= Castorland Company =

The Castorland Company, also known as La Compagnie de New York is a company established between 1792 and 1793 in Paris, France, with the intent to invest in lands in northern and northwestern New York. Leading American and French speculators, such as William Constable, Alexander Macomb, and James Donatien Le Ray de Chaumont were involved in this business transaction. Castorland was the location of an attempt to settle the western edge of the Adirondacks in the late 18th century. It was 210,000 acres and went from Lake Ontario into the Adirondack Mountains. The name Castorland, meaning “Land of the Beaver,” came from the abundance of beavers on the land. The Castorland Company sent Simon Desjardins and Peter Pharoux as agents to develop newly acquired landholdings in today’s upstate New York, and they kept a journal that was originally a report to the boss, as their job required. This land was a good place for French émigrés to settle after fleeing from the French Reign of Terror.

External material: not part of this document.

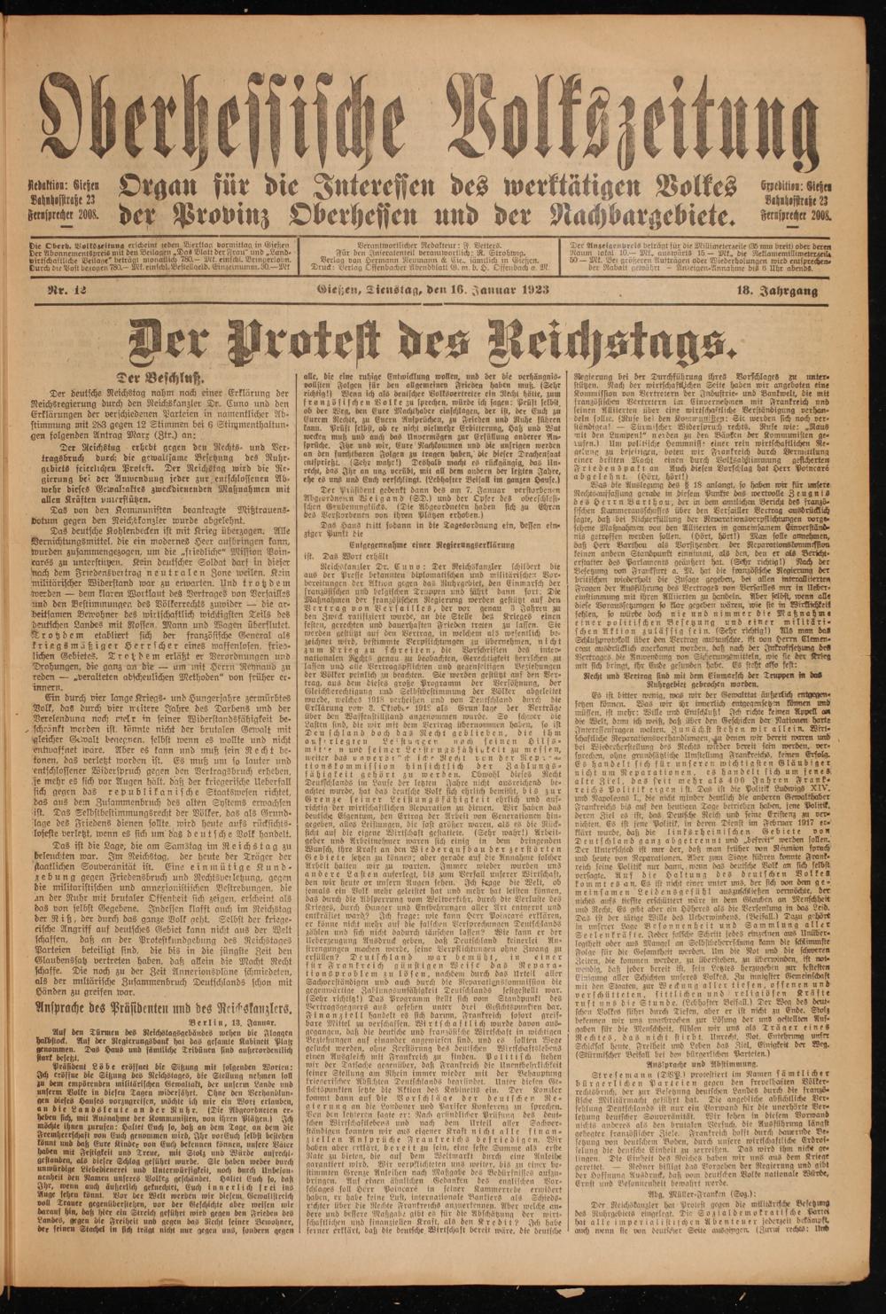 Gießen, Dienstag, den 16. Januar 1923
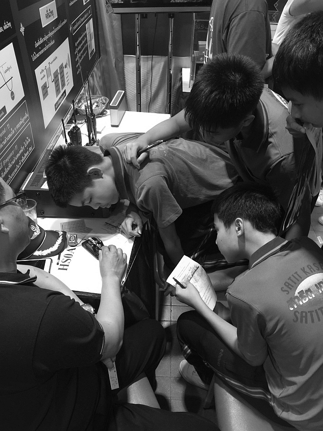 On Saturday, August 24 RAST conducted an Intermediate Class amateur radio exam at Bangkok University's Rangsit campus and thosw who pass will be able to operate on the HF bands.A total of 96 candidates sat the exam and 44 passed the CW examination at 8 WPM, with 13 of those copying the Morse code that was sent without any errors, including two boys, one 11 years old and the other 14 years old.

After the death of Desjardins, mismanagement, and issues that the French people faced, Castorland fell apart and most of the land was left with James LeRay, who sold a huge parcel to Napoleon's brother, Joseph Bonaparte.

== Beavers ==
Beavers were a symbol in Castorland that represented the impact that beavers had on the land and the Castorland Company. The significantly large number of beavers led to the name of the land being Castorland. The definition of the French word “Castor” means beaver. Castorland means “The Land of the Beaver.”  The land brimming with beavers caused an increase in fur trade. Beaver pelts were in huge demand for waterproof hats, coats and French high fashion. While the beaver benefited the Castorland company and the residents settling on Castorland, it was a major reason for the downfall of the colony. Giardiasis, known as beaver fever today, had driven many French people away. This sickness was widespread, and no known cure existed. It also never occurred to them to purify or stop drinking the water.

== French Revolution ==
The French Revolution was a revolutionary movement that occurred from 1787 to 1799 and caused some French people to immigrate. This specifically occurred during the French Reign of Terror, a period in the French Revolution from 1793-1794. During this period, the Revolutionary Government decided to take harsh measures against French people who were suspected of being enemies of the Revolution. French émigrés who were fleeing the Reign of Terror came to Castorland, as they believed that it was an idealistic community. Stock shares sold quickly to investors and French nobility. Castorland promised “all benefits of liberty with none of the drawbacks”, however the Castorland Company mistreated French people. Many French settlers continued arriving in North America, but they were predominantly peasants and/or settled in urban areas. In 1797, New York State passed a law that prevented French émigrés from owning land and not many French landowners remained. Furthermore, Giardiasis also caused many settlers to leave.  The unplanned hardships, poor management, and Napoleon Bonaparte welcoming nobility back to France in 1802, sealed the colony’s fate.